A long-time investor, David Adonri explained that the volume of trade usually drops towards the end of the year but the market normalises in January.

With the persistent drop in the value of the Nigerian Naira against foreign currencies, investors are wary of unfavourable currency conversion.

“The equity market reacts to so many things. The depreciation of the naira, which is around N1,700, of course, would impact the market. The foreign exchange position can make people exit the market and convert to hard currency, which is stronger, possibly to come back to the market when they see an improved currency level. That is what we call carry-over trade,” Adonri said.

“We also have the hike in the interest rate, which also causes financial assets to migrate away from the capital market,” Adonri added.

“Third, we are in the period of the year, where seasonally, the market is a little bit down because there is nothing specific to drive the market like full-year results or half-year dividends and so on.

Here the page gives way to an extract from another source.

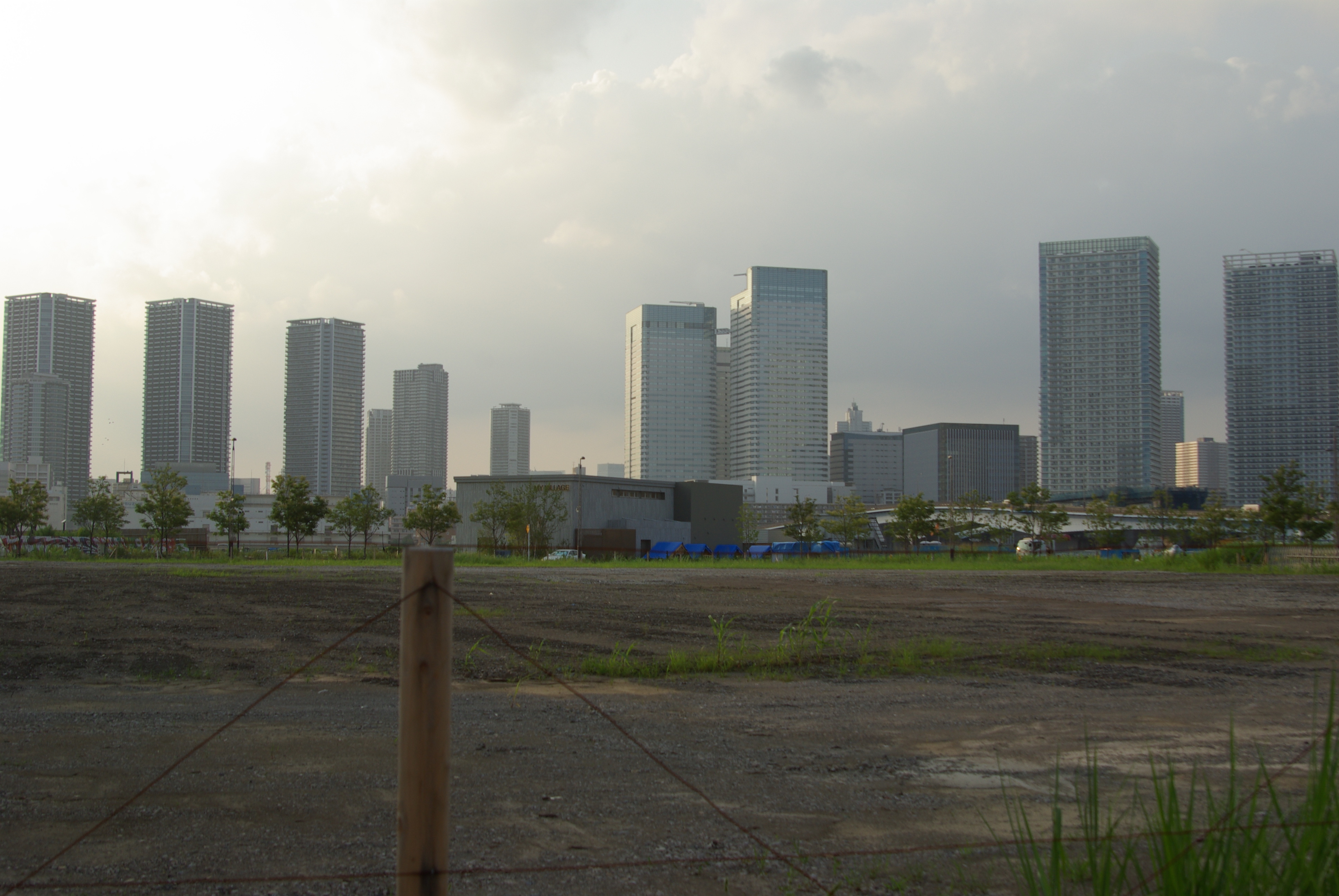 東京臨海新交通臨海線(ゆりかもめ)市場前駅構内から北方向を臨む風景。奥の高層ビル群は開発が急ピッチで進む晴海にあり、中央がトリトンスクエア、両側には真新しいタワーマンションが並ぶ。手前の空き地だが、2016年9月現在、市場建設作業員の仮設小屋が建ち、写真撮影者の背後にある新市場の主要施設はほぼ完成していた。ここが築地の東京都中央卸売市場の移転先に決まったのは2001年、市場前駅の開業は2006年のことだった。

So we slide to a low tempo from September up to November until after Christmas the market starts trending up again,” he further stated.

According to a report by the Nigerian Exchange Group (NGX), equity investment transactions dropped in Q3, 2024 compared to the previous quarter of the year.

In the same vein, the National Bureau of Statistics (NBS) reported that capital importation showed that investors shifted from equity investment to portfolio investment.

The portfolio investment includes equity, bonds, and money market instruments.

With the recent shift, the portfolio investment made a 10.37 percent increase amounting to a $106.85 million gain from the N1.03 billion total capital inflow.